Whether all of this will result in SS22’s more out-there collections being commercialised as they first appeared to us remains to be seen. As Federico notes, “some styles are presented solely for the purpose of runway shows or editorials and sometimes never make it into production” while “brands like Dion Lee that take what we see on the runway and ensure it’s part of their retail offering.” What he remains confident about, though, is that the trend will gain further traction and become more commonplace as customers become more familiar with the styles and silhouettes.
“There’s an undeniable cultural shift from both brands and customers to embrace fluid approaches to gender and sexuality,” he notes, adding that “as the Gen Z buying power grows, it’s interesting to see if brands will adapt and dispel gender binaries through their collections.

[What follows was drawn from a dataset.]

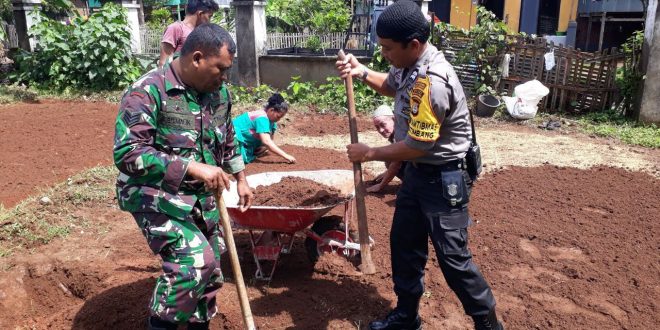 “Dengan peralatan cangkul dan gerobak kami bersama warga menggemburkan tanah yang akan dijadikan tempat persemaian bibit sayuran,” ucap Aiptu Ridwan.

It’s important they acknowledge this shift — whether subtly or unapologetically.” Of course, only time will determine whether or not the trend becomes the next menswear evolution, and as lockdowns and social distancing restrictions give way to IRL socialising, it will be interesting to see how this seemingly general interest in flamboyance affects the way men dress every day. The bottom line, though, speaks to one of fashion’s fundamental truths. “Regardless of gender and how you identify, clothing is for everyone,” Tabitha says. “Fashion is fun, getting dressed is fun.” Or in other words, fashion is all about having a gay old time.